Had a similar experience, but with the much more tame marijuana. It was a 6-hour long panic attack for me. Similar to the author of this, I read for years of how "the only way it could ever harm you is if you were crushed by 100 lbs of it" on sites like Reddit. It wasn't until after getting high that I heard about marijuana amplifying stress tendencies in a minority of people. I've always been high strung, and maybe my experience reveals something that needs fixing inside of me, but given how marijuana turned my anxiety up to a measure that has only ever been matched by an actual panic attack, I'll avoid LSD (and anything similar like shrooms) like it's a loaded gun pointed right at me.
As someone who has been consuming lots of marijuana in the past 25 years, my recommendation is to not consume marijuana when in a bad mood or in stressful situations. I see drugs (including alcohol) as mood amplifiers.
> Similar to the author of this, I read for years of how "the only way it could ever harm you is if you were crushed by 100 lbs of it" on sites like Reddit
I think this is the direct result of just nonsensical criminalization that equated cannabis with drugs like heroin, while the toxicity of cannabis is much lower than alcohol, for example.
Legalization leads to better education, which typically provides both sides of the argument, so that a potential user can make educated decisions as to whether to try the drug or not. I have seen debates on "when not to use cannabis" on some canna podcasts (like Leafly, though I don't remember the episode).
I think that avoiding LSD for people prone to panic attacks is a pretty sound decision.
Pointers From Portugal on Addiction and the Drug War[1]: "Opioid overdose deaths fell after Portugal’s policy change. So did new cases of diseases associated with injection drug use, such as hepatitis C and H.I.V."
Portugal’s radical drugs policy is working. Why hasn’t the world copied it?[2]: "Since it decriminalised all drugs in 2001, Portugal has seen dramatic drops in overdoses, HIV infection and drug-related crime"
How Europe’s heroin capital solved its overdose crisis[3]: "[T]he number of addicts was halved and overdose deaths had dropped to just 30 a year for the entire country.
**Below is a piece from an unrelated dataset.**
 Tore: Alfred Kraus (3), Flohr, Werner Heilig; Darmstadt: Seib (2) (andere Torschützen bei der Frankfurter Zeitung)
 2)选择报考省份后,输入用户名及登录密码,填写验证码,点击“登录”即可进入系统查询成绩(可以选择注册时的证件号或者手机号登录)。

The number has remained steady ever since."
“As Magdalena Cerdá, the study’s lead author, and her coauthors wrote in JAMA Psychiatry, “Although occasional marijuana use is not associated with substantial problems, long-term, heavy use is linked to psychological and physical health concerns, lower educational attainment, decline in social class, unemployment, and motor vehicle crashes.”
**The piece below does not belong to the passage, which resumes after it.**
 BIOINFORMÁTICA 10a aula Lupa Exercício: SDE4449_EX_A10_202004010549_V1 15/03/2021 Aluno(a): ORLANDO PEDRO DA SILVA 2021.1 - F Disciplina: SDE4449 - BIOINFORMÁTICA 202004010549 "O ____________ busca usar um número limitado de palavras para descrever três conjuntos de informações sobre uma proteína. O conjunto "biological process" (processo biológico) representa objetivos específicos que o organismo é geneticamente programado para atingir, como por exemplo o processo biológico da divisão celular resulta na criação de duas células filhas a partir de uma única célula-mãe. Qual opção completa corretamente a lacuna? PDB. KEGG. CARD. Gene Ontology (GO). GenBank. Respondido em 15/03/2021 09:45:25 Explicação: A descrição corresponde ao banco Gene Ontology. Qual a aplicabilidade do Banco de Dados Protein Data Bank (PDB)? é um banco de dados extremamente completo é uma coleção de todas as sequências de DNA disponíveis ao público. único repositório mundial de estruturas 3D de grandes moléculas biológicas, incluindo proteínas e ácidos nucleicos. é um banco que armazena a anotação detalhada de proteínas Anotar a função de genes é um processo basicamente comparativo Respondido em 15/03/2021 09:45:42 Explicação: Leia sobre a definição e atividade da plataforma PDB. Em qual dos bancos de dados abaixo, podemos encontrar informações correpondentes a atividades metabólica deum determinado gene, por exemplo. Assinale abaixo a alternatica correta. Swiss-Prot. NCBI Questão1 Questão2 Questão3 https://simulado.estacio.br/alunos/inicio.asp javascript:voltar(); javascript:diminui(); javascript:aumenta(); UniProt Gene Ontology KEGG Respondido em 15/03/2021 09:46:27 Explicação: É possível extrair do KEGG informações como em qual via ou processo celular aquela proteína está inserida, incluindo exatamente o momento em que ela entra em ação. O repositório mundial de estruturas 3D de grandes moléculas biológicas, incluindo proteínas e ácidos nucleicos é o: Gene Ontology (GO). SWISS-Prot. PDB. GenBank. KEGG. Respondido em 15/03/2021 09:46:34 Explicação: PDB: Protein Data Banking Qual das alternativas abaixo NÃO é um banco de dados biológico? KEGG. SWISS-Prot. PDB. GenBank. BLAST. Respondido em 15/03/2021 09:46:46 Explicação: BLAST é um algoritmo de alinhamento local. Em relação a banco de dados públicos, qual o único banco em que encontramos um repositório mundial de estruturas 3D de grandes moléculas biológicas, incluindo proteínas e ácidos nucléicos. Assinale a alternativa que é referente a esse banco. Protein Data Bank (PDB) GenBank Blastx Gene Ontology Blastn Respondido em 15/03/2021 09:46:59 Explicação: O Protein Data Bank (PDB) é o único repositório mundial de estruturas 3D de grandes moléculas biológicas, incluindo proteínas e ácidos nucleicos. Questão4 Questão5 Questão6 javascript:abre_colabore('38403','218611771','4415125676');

If you dont like that study, there are plenty of others. I’m not here to LMGTFY.
First time I tried it, I didn't know what I was doing, and smoked half a joint. I figured it was like cigarettes - you're supposed to smoke the whole thing, but I had some presence of mind to just try half.
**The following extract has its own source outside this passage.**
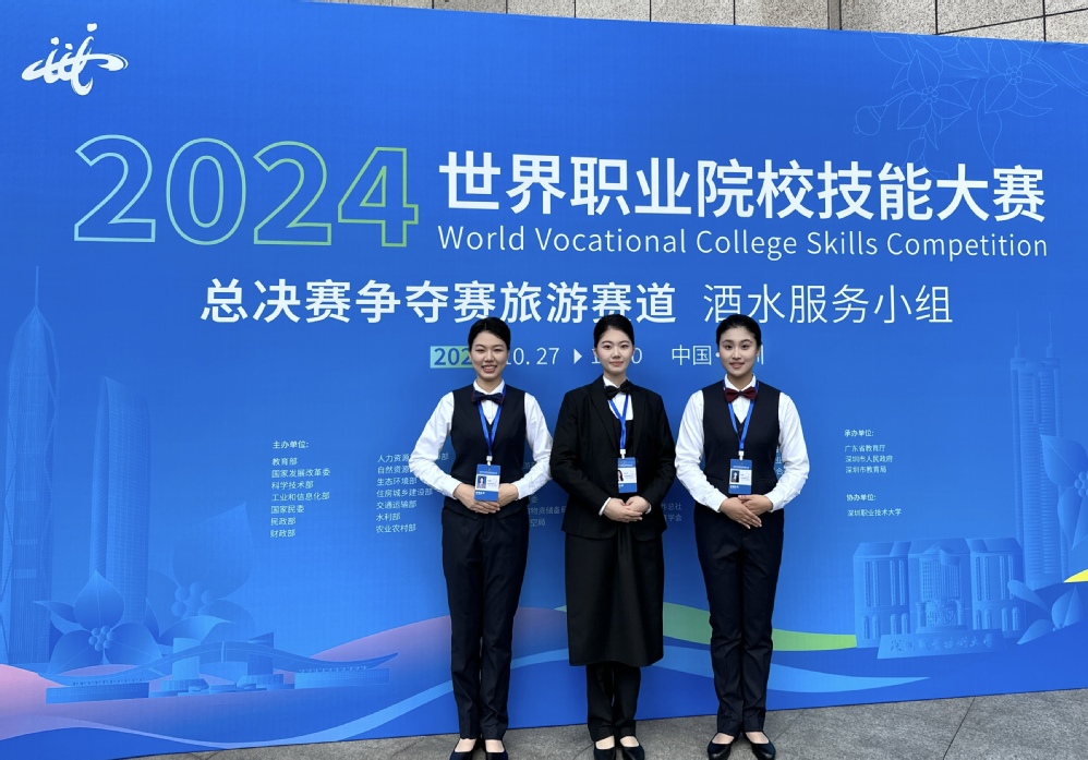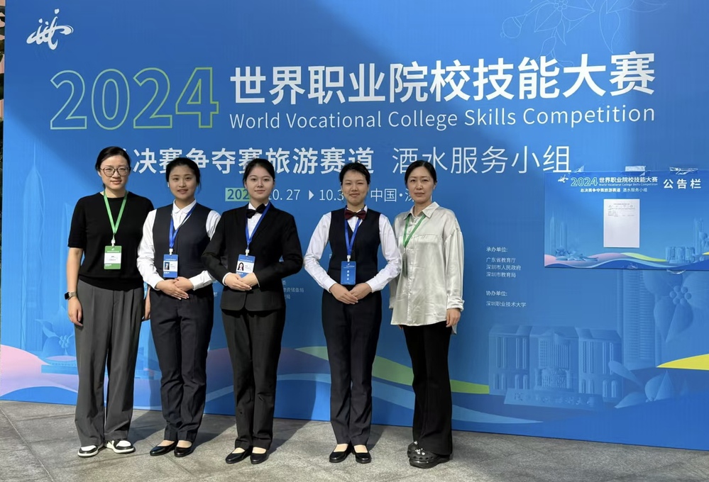 10月30日,世界职业院校技能大赛总决赛争夺赛旅游赛道一(酒水服务小组)圆满落幕。本次大赛共有来自全国的57支优秀的代表队参与。由金职大文旅学院徐婷、孟玲两位老师指导,胡丹妮、徐佳雯、周佳璐三位同学组成参赛队获得铜奖。

That night I was basically paralyzed. It wasn't a bad experience, but I was not ready for it to be that powerful.
Since then I've just being using gummies. You can dose 5mg or 10mg which is plenty for me to just have a good feeling and still fully function. I've also noticed that different strands affect me way different. I may become sleepy, or really happy and giddy, or totally calm and cool, or motivated, or just a nice elated feeling, or combinations of those and more.
There's the whole sativa/indica thing, but I feel like the market just guesses what their strand is because 1) The feelings are still super random within the same type and 2) There are way too many types of "feelings" to just binary classify with.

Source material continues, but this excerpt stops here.